Invisible XML Specification Errata

Version: 2023-05-09

Status

This document lists errata on the Invisible XML 1.0 Specification.

Proposed errata

E003: Ignore UTF-8 BOM

The second paragraph of the section titled “The Grammar” is changed to indicate that a UTF-8 BOM must be ignored.

A grammar is an optional prolog, followed by a sequence of one or more rules, surrounded and separated by spacing and comments. Spacing and comments are entirely optional, except that rules must be separated by at least one of either (error S01). If an input grammar encoded in UTF-8 begins with a byte order mark (BOM), the BOM must be ignored.

A new paragraph is added between the second and third paragraphs of the section titled “Parsing”.

If an input encoded in UTF-8 begins with a BOM, the BOM should be ignored.

Accepted errata

E002: A string cannot contain C0 or C1 control characters

Accepted as an erratum against 1.0 at the meeting of 10 January 2023.

The definition of a quoted string is changed to exclude the C0 and C1 control characters.

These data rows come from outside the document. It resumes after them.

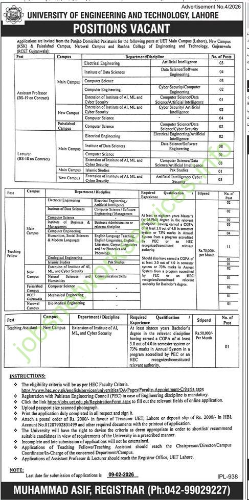 The University of Engineering and Technology (UET), Lahore, invites applications from Punjab-domiciled Pakistani nationals for various faculty positions across its campuses.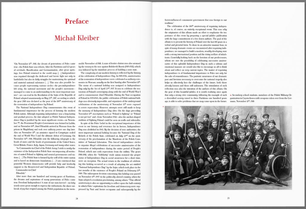 „Polska 100 lat” to bogato ilustrowany album przygotowywany w związku z przypadającą w 2018 roku setną rocznicą odzyskania przez Polskę niepodległości. Pracami nad powstaniem tej wyjątkowej publikacji kieruje powołana z inicjatywy społecznej Rada Programowa, w skład której wchodzą m.in.: profesorowie M. Kleiber, A. Mencwel, H. Samsonowicz, J. Bralczyk oraz wybitni znawcy polskiej kultury: pisarz W. Myśliwski, dyrektor Teatru Wielkiego – Opery Narodowej – W. Dąbrowski, czy polski dyplomata, badacz stosunków międzynarodowych prof. A. Rotfeld.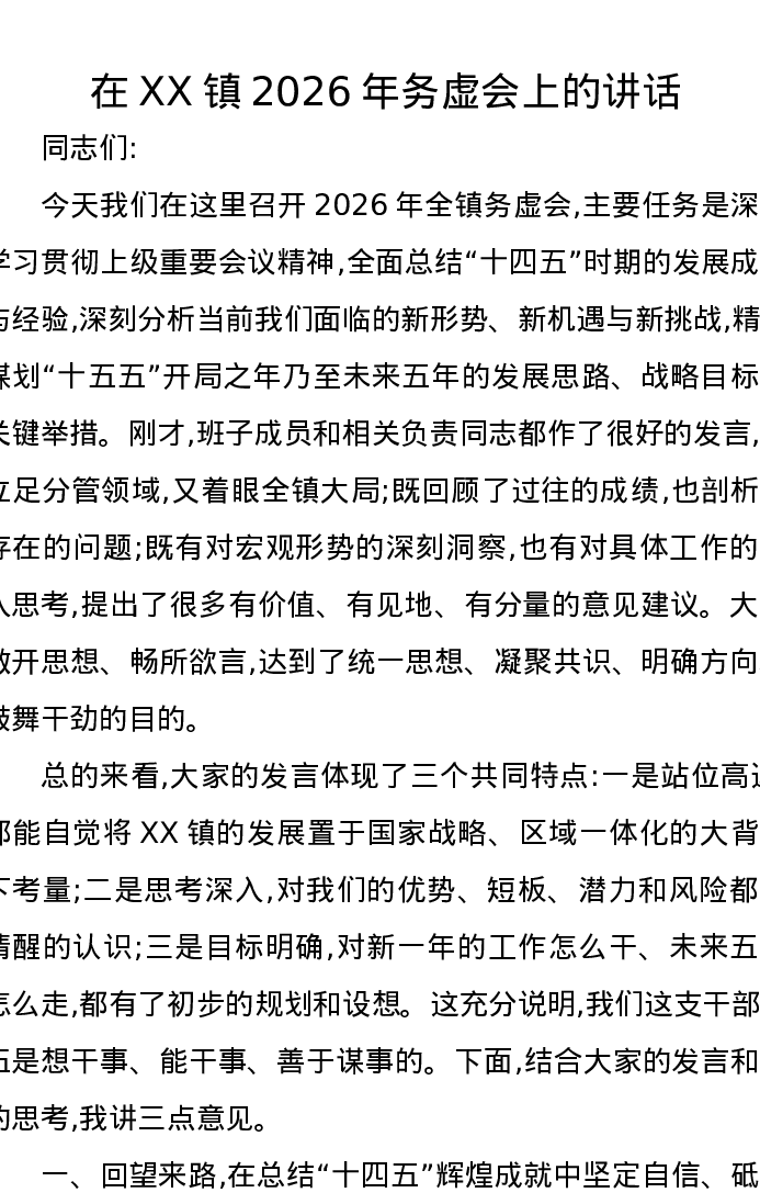 在XX镇2026年务虚会上的讲话(6)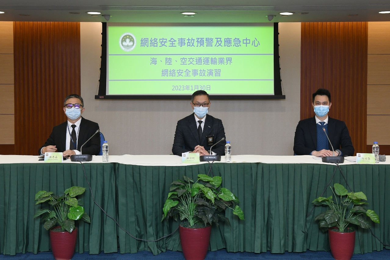 Para melhorar o sentido de cibersegurança dos operadores das infraestruturas críticas dos sectores dos transportes marítimo, terrestre e aéreo, e aumentar a sua capacidade de prevenção, resposta e resolução a nível de gestão e técnicas de cibersegurança, bem como controlar com eficácia os diversos tipos de riscos no âmbito da cibersegurança, o Centro de Alerta e Resposta a Incidentes de Cibersegurança (CARIC) realizou, no dia 30 de Janeiro, com as entidades de supervisão e os operadores deste sector, o ensaio de um incidente de cibersegurança, que teve lugar na sede da Polícia Judiciária, no Edifício Xin Hua. O ensaio contou com a participação do pessoal de 15 instituições, nomeadamente das três entidades de supervisão - a Direcção dos Serviços de Assuntos Marítimos e de Água, a Direcção dos Serviços para os Assuntos de Tráfego e a Autoridade de Aviação Civil, e de 12 operadores de infraestruturas críticas do sector dos transportes.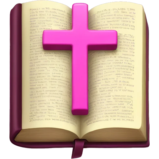 Brunette girl, light skin, holding a light pink Bible with a cross on the cover in one hand and a coffee in the other hand emoji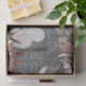 Elegantes florales en marrones, arándanos, tostados y grises y un par de pájaros respaldados por gris pizarra.
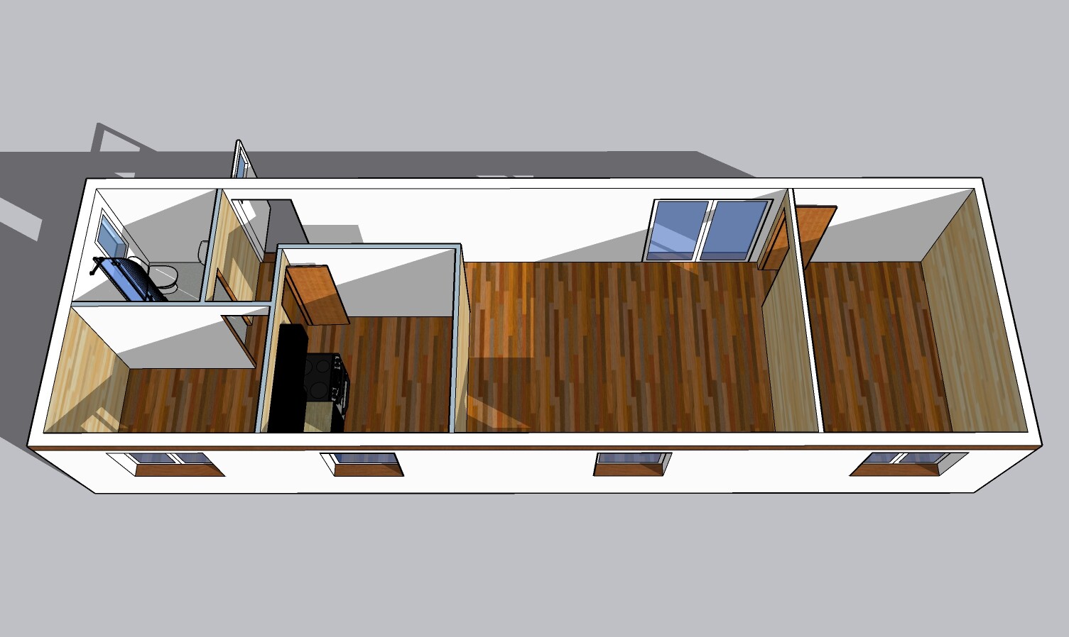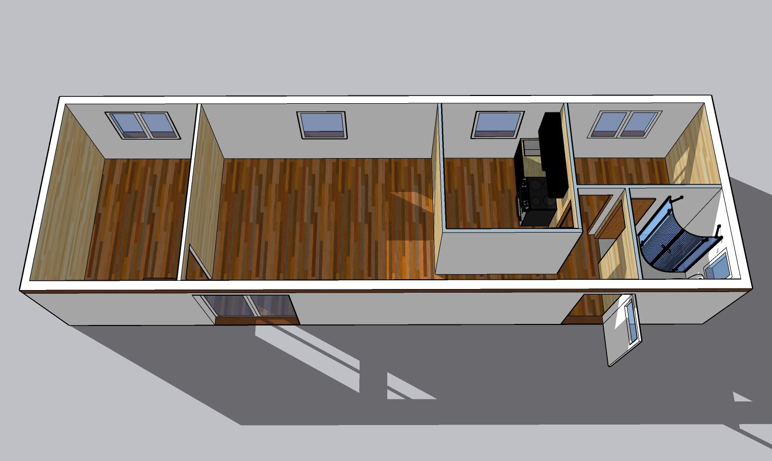 | Výbava: | Nový mobilheim, fasádní lepidlo s dřevěným obkladem, vnitřní stěny sádrokarton a dřevo, strop dřevěný obklad, kuchyně (dřez, digestoř, varná deska s troubou), koupelna (WC, umyvadlo, sprchový box, bojler 80l) |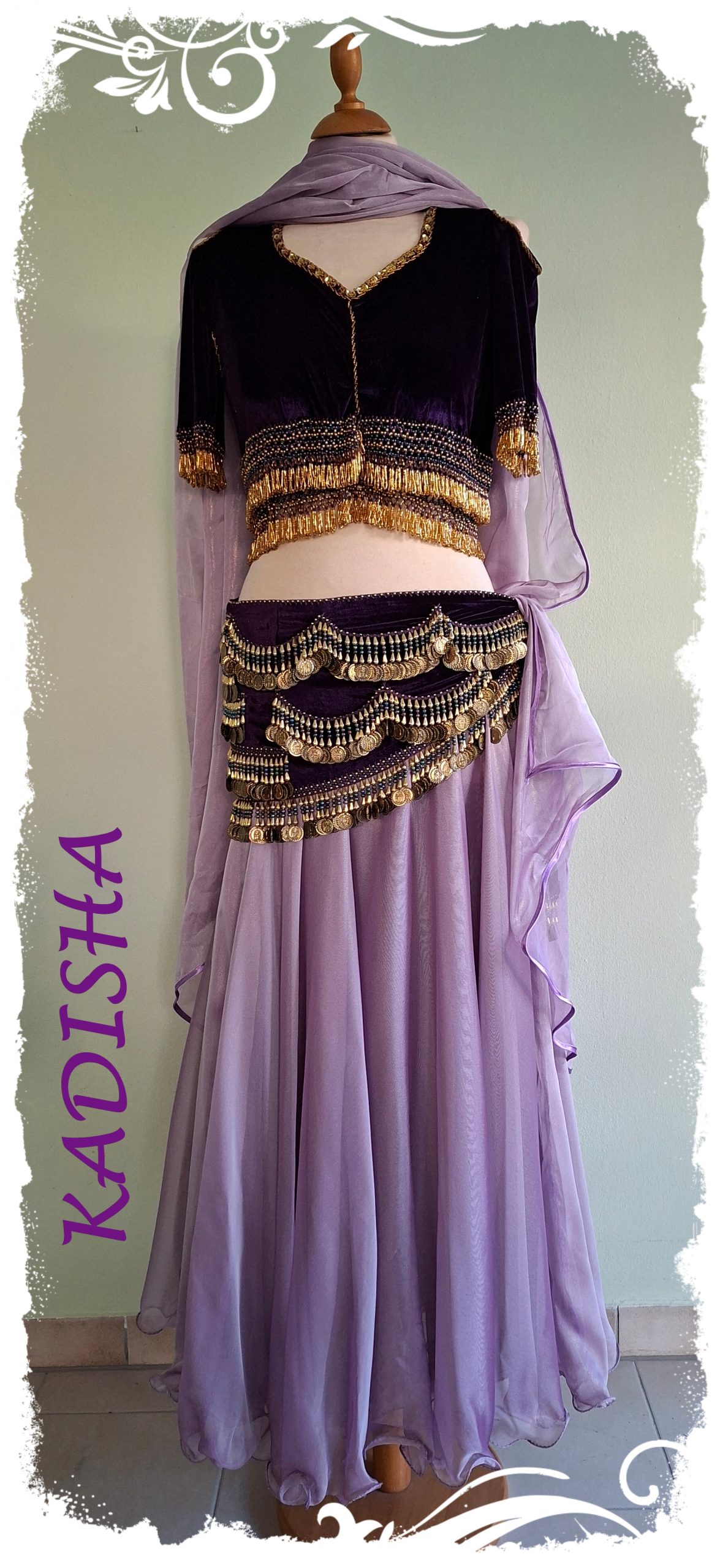 Schönes Bauchtanzkostüm in dunklem lila und schimmernden flieder.
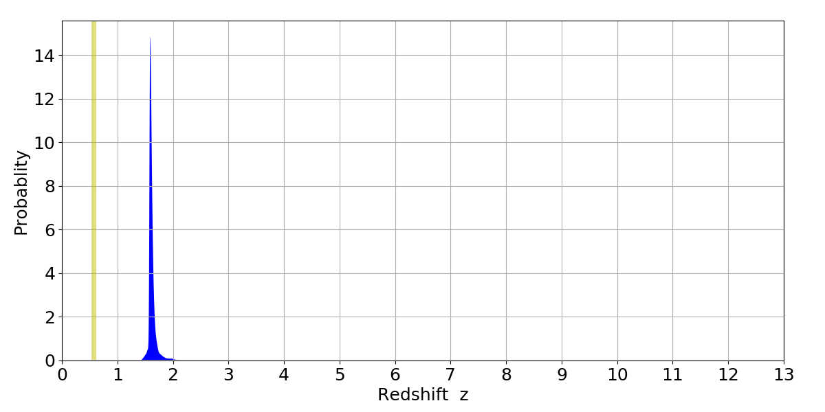 In P(z) plots: Yellow lines mark the cluster redshift z = 0.570,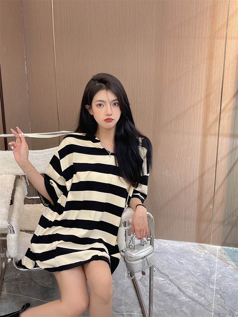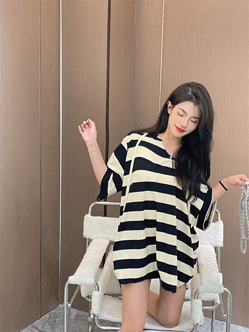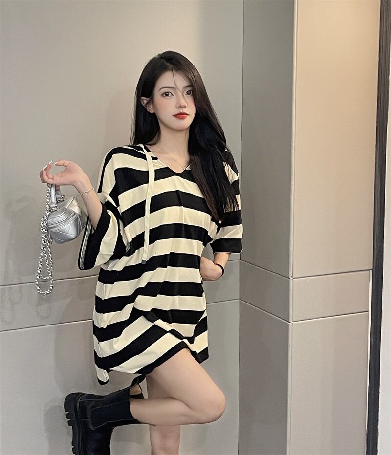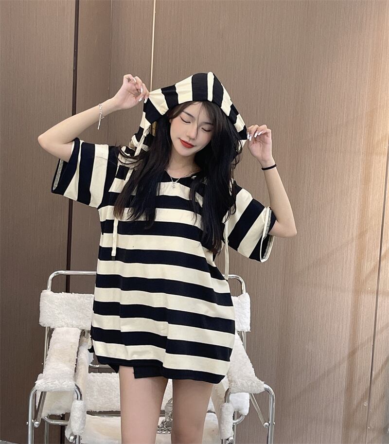カラーストライプフードオータムTシャツ レディースルーズカジュアルラウンドネックトップス 秋物 Oネック セブンプリンセス60092620767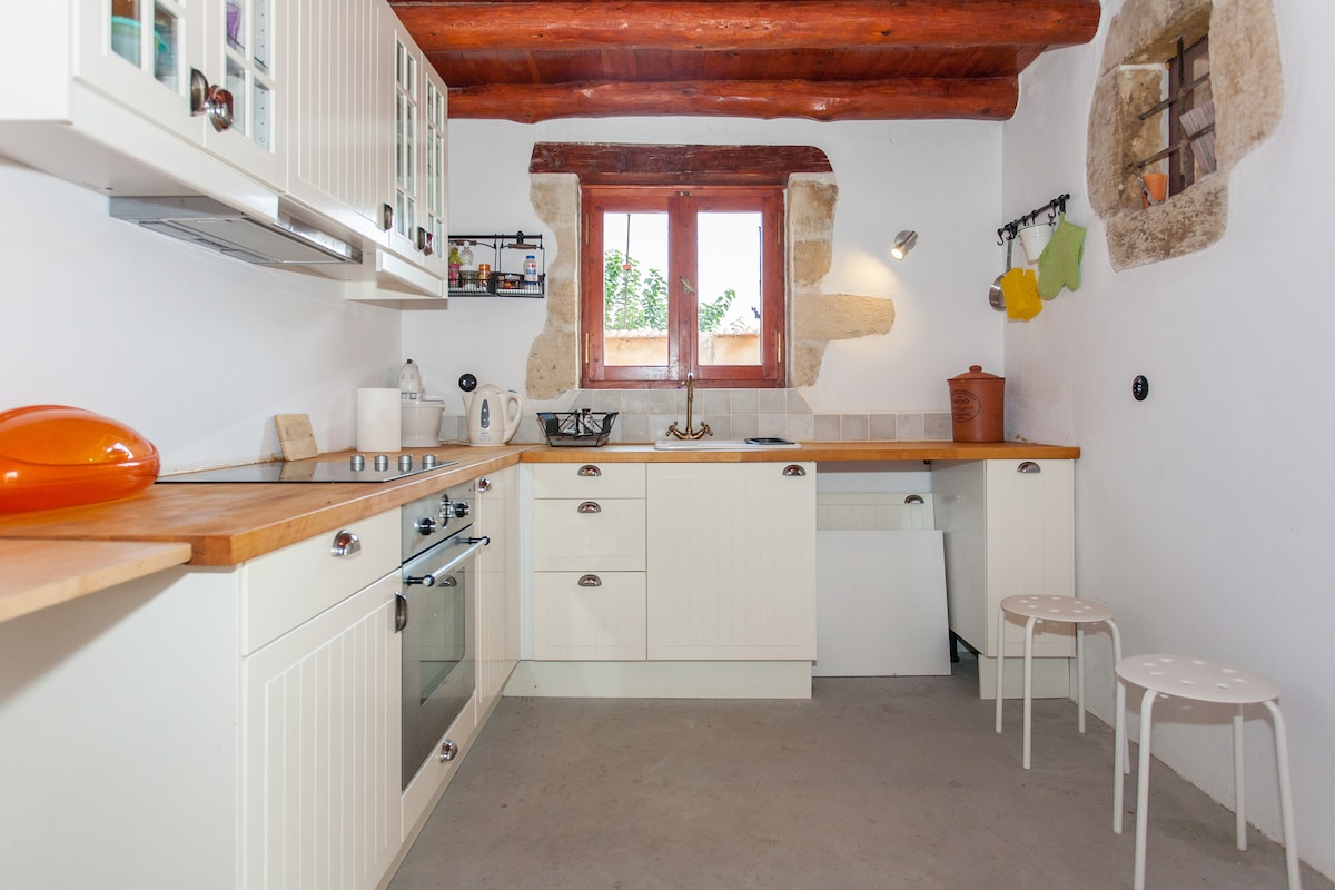 Wamkelekile kwindlu yethu entle yemveli. Yonwabela ubuhle bembali kule ndawo ihlaziyiweyo. Indlu yethu ilungele abahambi abafuna indawo ekhethekileyo nenomtsalane. Ngena kwihlabathi lobuhle obungaphelelwa lixesha njengoko ungena kwindlu yethu yesiqhelo, ephawulwa ziindonga zamatye indawo yokubasa umlilo ekhethekileyo, i-decorade ukuze ibonise imveli yasekuhlaleni ngoxa iqinisekisa ukuba itofotofo. Indlu yethu ikwiimitha eziyi-400 ukusuka embindini welali, ikwayindawo yokupaka yasimahla.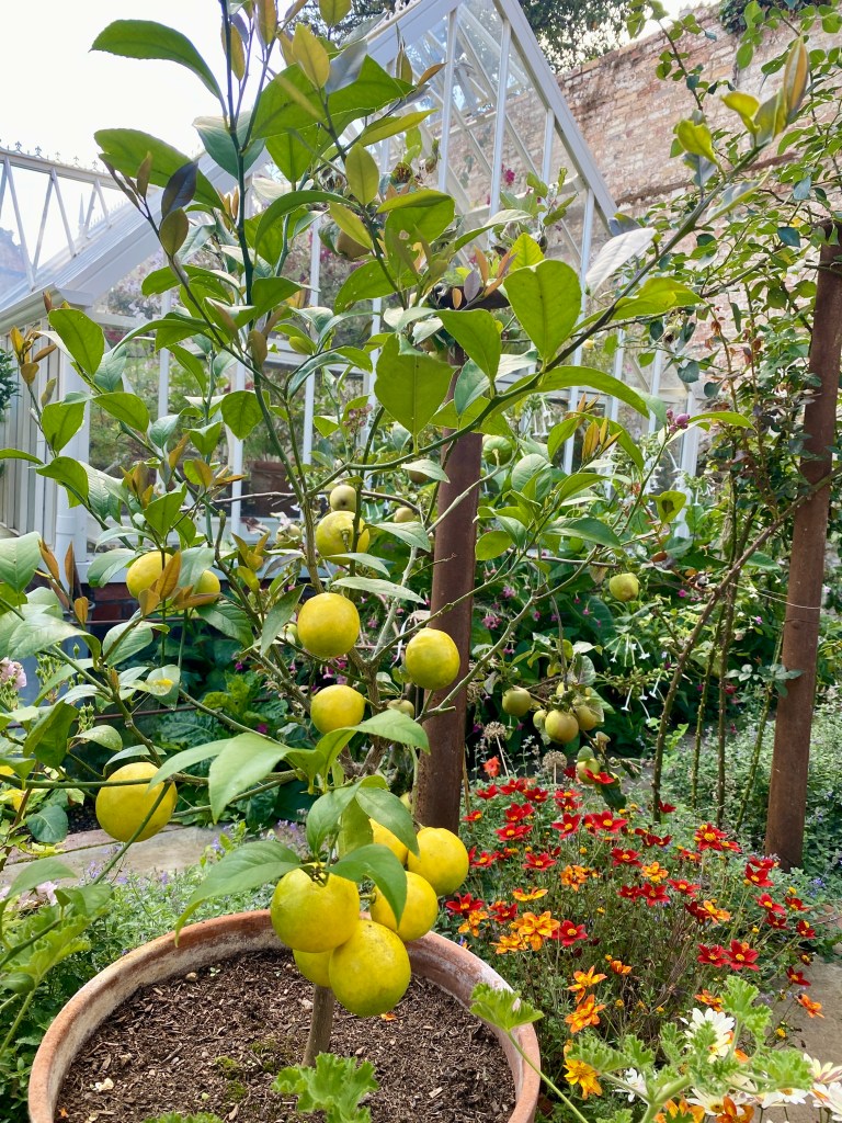 And the Meyer lemon tree has been happily enjoying a sunny corner all summer, fruits now nearly ripe.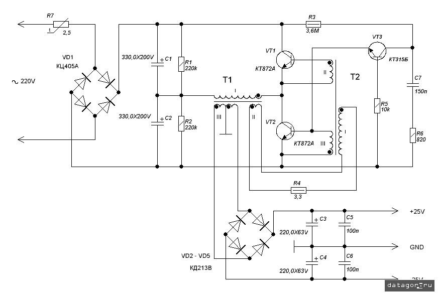 Она представляет из себя полумостовой инвертор с переключающим насыщаюшимся трансформатором. Конденсаторы С1 и С2 образуют делитель напряжения для одной половины полумоста, а так же сглаживают пульсации сетевого напряжения. Второй половиной полумоста являются транзисторы VT1 и VT2, управляемые переключающим трансформатором Т2. В диагональ моста включена первичная обмотка силового трансформатора Т1, который рассчитан так что он не насыщается во время работы.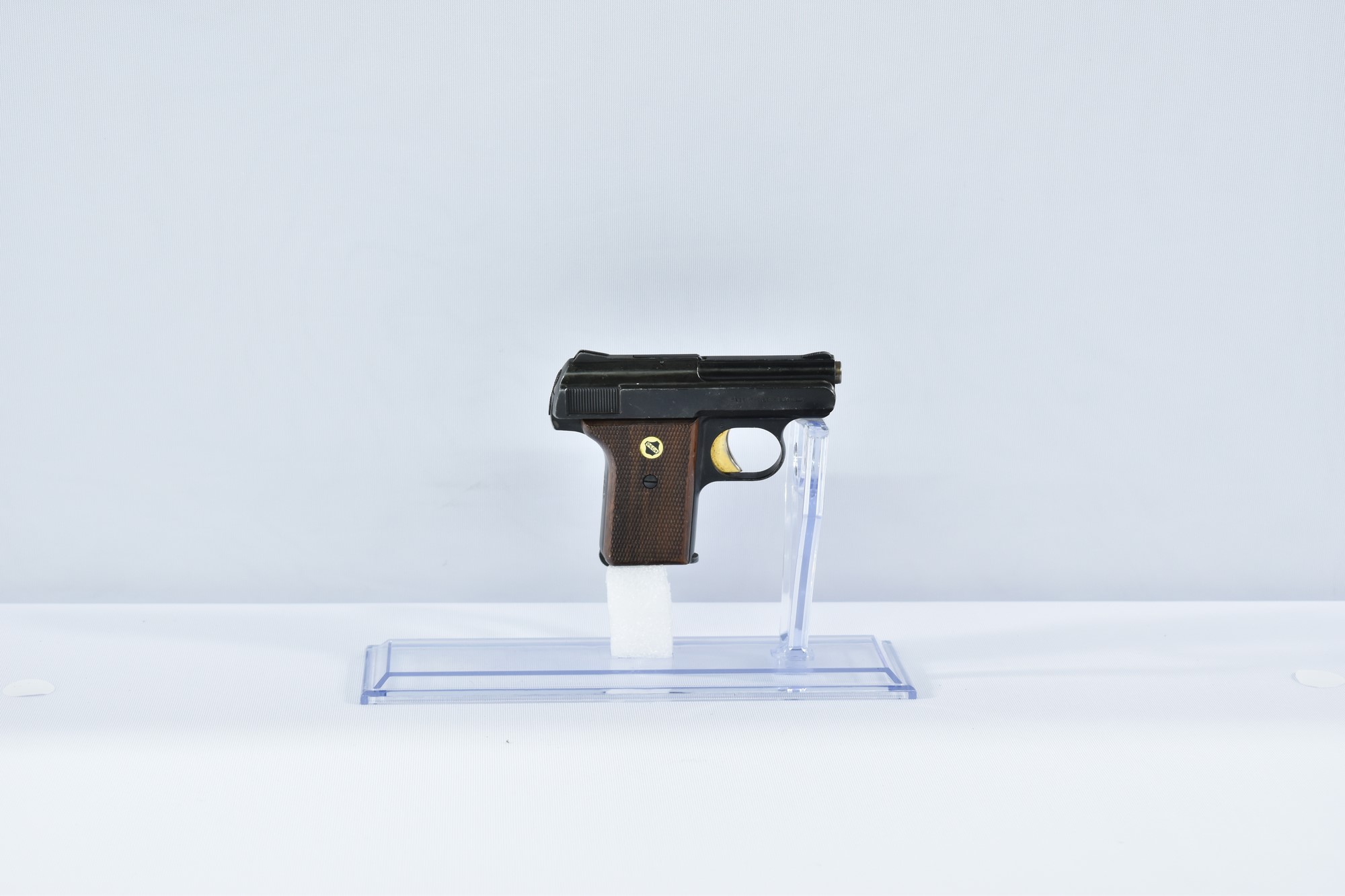 Diese Reck P8 Pistole im Kaliber 6,35mm Browning hat eine Gesamtlänge von 11,5 cm und eine Lauflänge von 5,5 cm. Die Griffschalen sind aus Holz gefertigt. Der Zustand der Pistole wird als 2-3 bewertet, was normale Gebrauchsspuren und möglicherweise mittelstarke Dellen oder Kratzer an der Brünierung bedeutet. Sie wurde in Westdeutschland hergestellt und 1970 beschossen.

A string cannot contain any of the C0 or C1 control characters, includingextend over a line-break (error S11). The enclosing quote is represented in a string by doubling it; these two strings are identical: 'Isn''t it?' and "Isn't it?", as are these: "He said ""Don't!""" and 'He said "Don''t!"'.

The error S11 is amended to include the C0 and C1 control characters.

S11
It is an error if a string contains a C0 or C1 control character, including a line break.

Resolved errata

E001: The Unicode character class “LC”

Accepted as an erratum against 1.0 at the meeting of 11 October 2022. Resolved in the current specification on 15 October 2022.

The definition of the nonterminal letter is changed to ["A"-"Z" | "a"-"z"] to address the fact that recent versions of Unicode include the class “LC”.

A class is one or two letters, representing any character from the Unicode character category [Categories] of that name, which must exist (error S10). E.g. [Ll] matches any lower-case letter, [Ll; Lu] matches any upper- or lower-case character.

   -class: code.
    @code: capital, letter?.
 -capital: ["A"-"Z"].
  -letter: ["A"-"Z" | "a"-"z"].